Why a loop instead of a single call? Because an agent needs to:

Discover available tools (iteration 1)
Load a recipe (iteration 2)
Call the actual tool (iteration 3)
Adjust the layout (iteration 4)

Each iteration enriches the context. Automatic compression (compressOldToolResults) prevents history from filling the context window.

LLM Providers

The @webmcp-auto-ui/agent package exposes three interchangeable providers. All implement the same interface:

interface LLMProvider {
  readonly name: string;
  readonly model: string;
  chat(
    messages: ChatMessage[],
    tools: ProviderTool[],
    options?: {
      signal?: AbortSignal;
      cacheEnabled?: boolean;
      system?: string;
      maxTokens?: number;
      temperature?: number;
      onToken?: (token: string) => void;
    }
  ): Promise<LLMResponse>;
}

This uniform interface lets you swap providers without modifying agent code. The choice of provider is a runtime decision, not an architectural one.

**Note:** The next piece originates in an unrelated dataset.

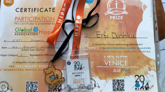Erti fillimisht u shpall fitues i fazës së dytë në Olimpiadën e Gjuhës Angleze në HIPPO dhe më pas konkurroi për fitore në fazën finale të organizuar në Venecia.

RemoteLLMProvider (Remote LLM)

Provider for any OpenAI-compatible API (e.g. Claude/Anthropic, Gemini/Google, ChatGPT/OpenAI, Le Chat/Mistral, Qwen) via an HTTP proxy. The proxy is a SvelteKit endpoint (/api/chat) that adds the API key server-side:

import { RemoteLLMProvider } from '@webmcp-auto-ui/agent';

const provider = new RemoteLLMProvider({
  proxyUrl: '/api/chat',
});

// Switch models on the fly
provider.setModel('haiku');   // Fast, cost-effective
provider.setModel('sonnet');  // Balanced
provider.setModel('opus');    // Deep reasoning

Why a proxy? To keep the API key off the browser. The proxy adds the appropriate authorization header before relaying the request to the LLM provider API.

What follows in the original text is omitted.